I'm still having trouble making the code with acceletorar (DDP) work. Do you think it is acceptable to release the DP version (less efficient in terms of RAM use) first and work on DDP later?

yl4579 commented 1 year ago

DDP works perfectly fine for the first stage, but the pain comes in the second stage, especially when the SLM adversarial training run starts. This uses the most RAM, but the F0 loss is still higher with DDP for some reason.

lovebeatz commented 1 year ago

I think if it doesn't affect the inference or the quality of the model, it shall be released, if you are looking for an opinion

yl4579 commented 1 year ago

It's less efficient in terms of RAM (also the speed because you have to reduce the batch size now), and you can't do mixed precision easily this way either, but it's indeed just a matter of engineering so it can be dealt with by engineering people more fluent in programming than me. So, I'm thinking of releasing the DP version first if I can't fix the code by the end of the month and see if anyone else is interested in fixing the DDP version.

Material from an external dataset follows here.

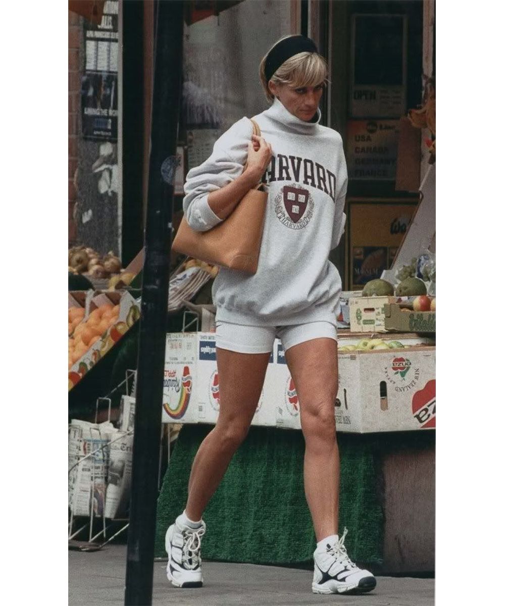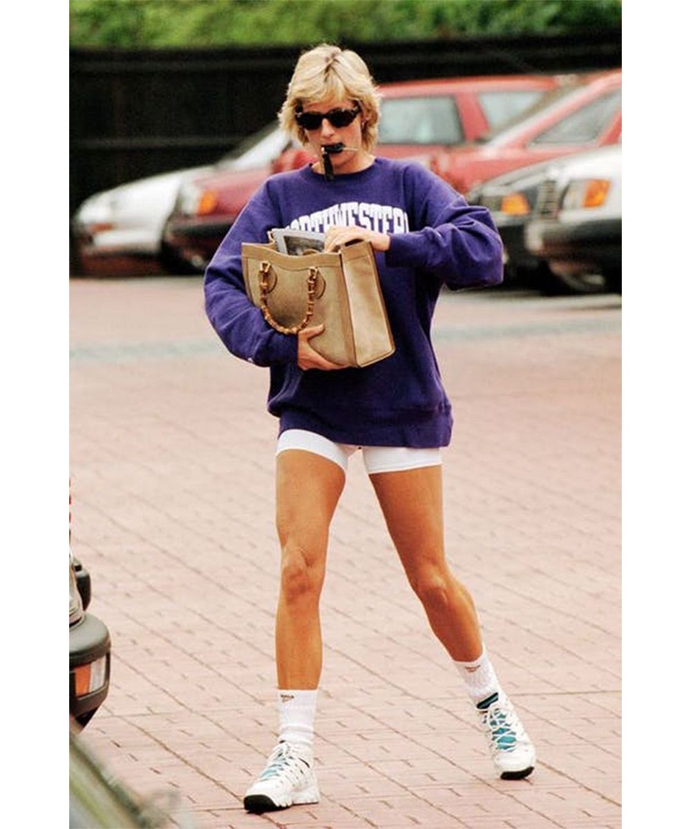 Maestra da seguire: Hailey Bieber, che vi insegnerà come andare a prendere un centrifugato di verdure con lo stesso look che indossereste per andare a Pilates, ma più fashion! Quindi mini-cycling pants, felpa over e sneakers. Aggiungere poi una Gucci vintage se si vuole avere la stessa disinvoltura di Lady D!

ghost commented 1 year ago

Can you share the code of ddp training? I'm training with DDP with but super slow

yl4579 commented 1 year ago

@primepake I will make a new repo with the broken DDP code if I can't fix it by the end of this month so that other people can work on it later.

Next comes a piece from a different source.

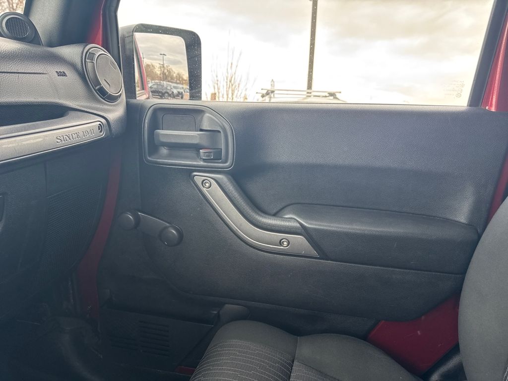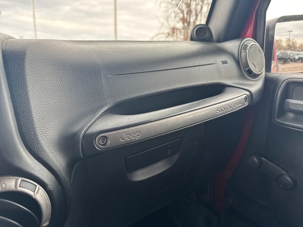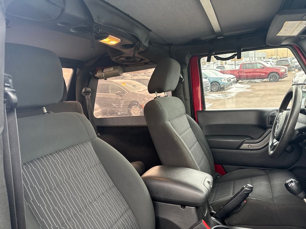 Quick Order Package 23B, 16" x 7.0" Luxury Styled Steel Wheels, 4-Wheel Disc Brakes, 6 Speakers, ABS brakes, Air Conditioning, AM/FM radio, Black Easy Folding Soft Top, Brake assist, CD player, Cloth Bucket Seats, Compass, Driver door bin, Driver vanity mirror, Dual front impact airbags, Electronic Stability Control, Front anti-roll bar, Front Bucket Seats, Front Center Armrest w/Storage, Front fog lights, Integrated roll-over protection, Low tire pressure warning, Normal Duty Suspension, Occupant sensing airbag, Outside temperature display, Passenger door bin, Passenger vanity mirror, Power steering, Radio: Media Center 130 CD/MP3, Rear anti-roll bar, SIRIUS Satellite Radio, Speed control, Steering wheel mounted audio controls, Tachometer, Tilt steering wheel, Traction control, Trip computer, and Variably intermittent wipers.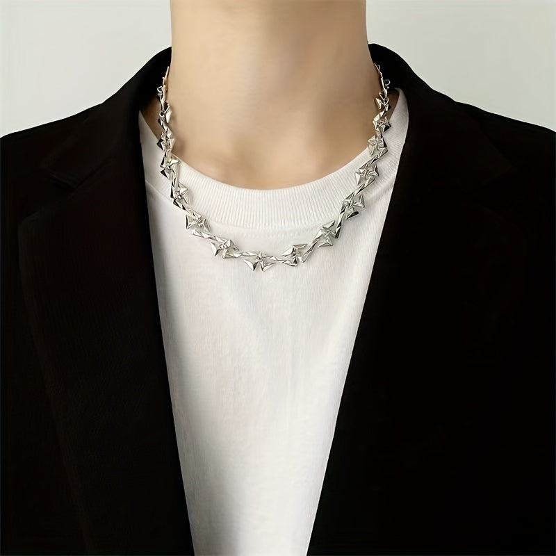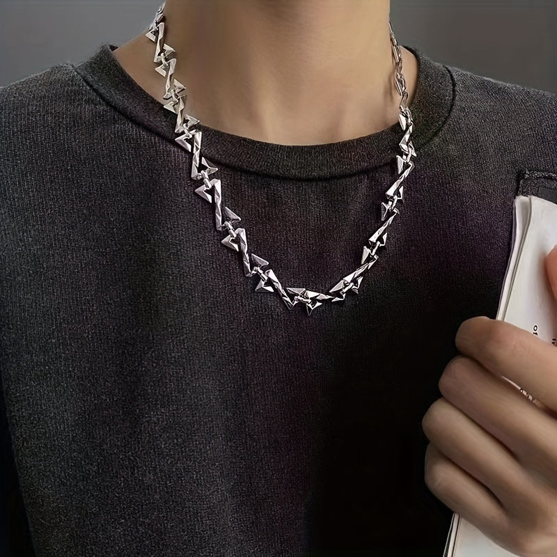 This hip hop letter splicing necklace is a stylish and versatile accessory for men. Made of punk titanium steel, it's a non-fading collarbone necklace that makes a great gift for friends.

Pydataman commented 1 year ago

expect

yl4579 commented 1 year ago

Unfortunately whenever I turn DP into DDP the F0 loss is consistently higher, which is very weird. I probably have to release the DP code first and see if any expert in DDP can fix the code later.

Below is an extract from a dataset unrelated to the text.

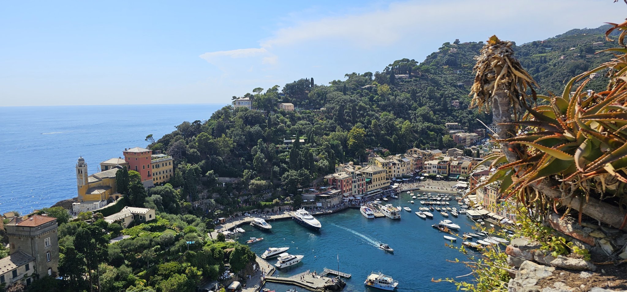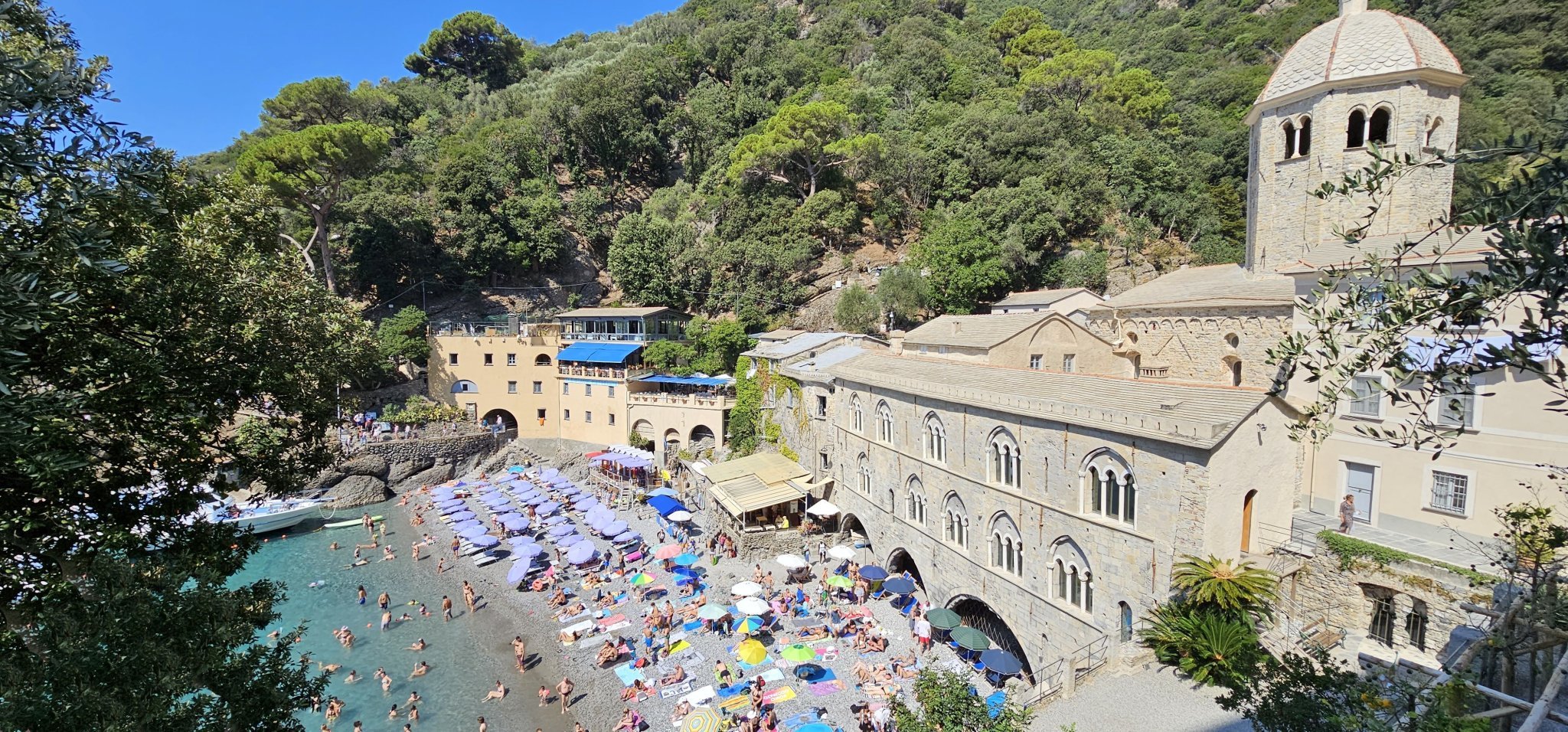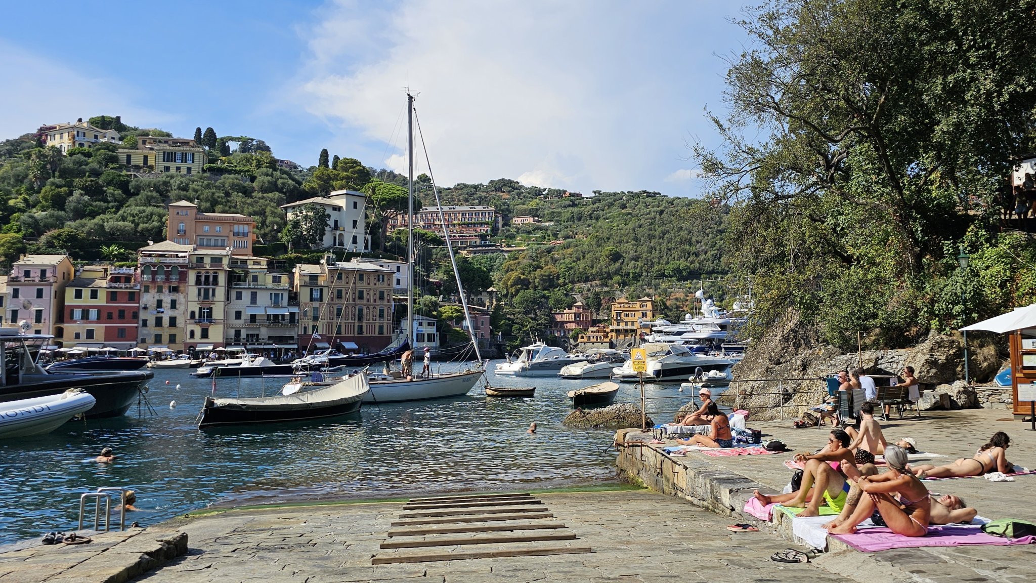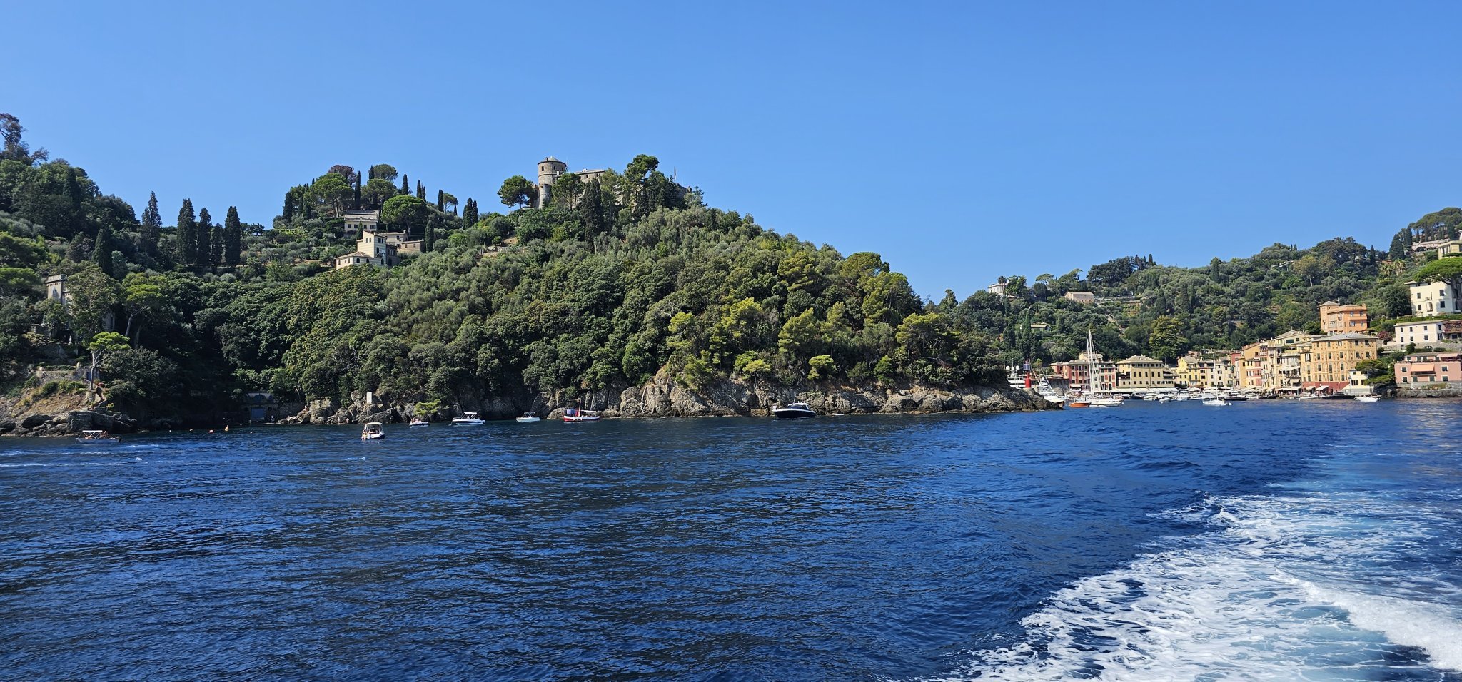 С ферибот тръгнахме от Рапало до Сан Фрутуозо в 10 часа(втори час за деня, първи в 9 часа), беше спокойно и не много претъпкано. Сан Фрутуозо е магично малко заливче, мислихме само 30 минути да сме там и да потеглим за Портофино. Но реално толкова много ни хареса: звукът на цикадите, кристалните води, сянката на боровете, решихме да обядваме там, трудно намерихме места, бяха резервирани повечето, цените бяха по-скъпи от средното, но беше прекрасно. Докато чакахме за маса, едната ми приятелка се изкъпа в залива, беше подготвена с бански и каза, че е било божествено. Останалите топнахме само крачета. 😊 Препоръчвам горещо да стигнете до там.

teopapad92 commented 1 year ago

Thanks for the effort guys

danielmsu commented 1 year ago

Hi @yl4579, thank you for your work! I would like to reproduce the results from the paper and can also try to help with DDP issue. May I ask you to add me to the cleaning repo please?

yl4579 commented 1 year ago

@danielmsu The code with DP is almost done and I’ll probably push it in a couple of days. I will make another public repo with not working DDP code for those with expertise to give a hand.

yl4579 commented 1 year ago

@danielmsu Actually, the broken DDP code doesn't need a separate repo. I just opened a new issue #7 for this problem and copypasted the code there. The code can be tested under this repo directly.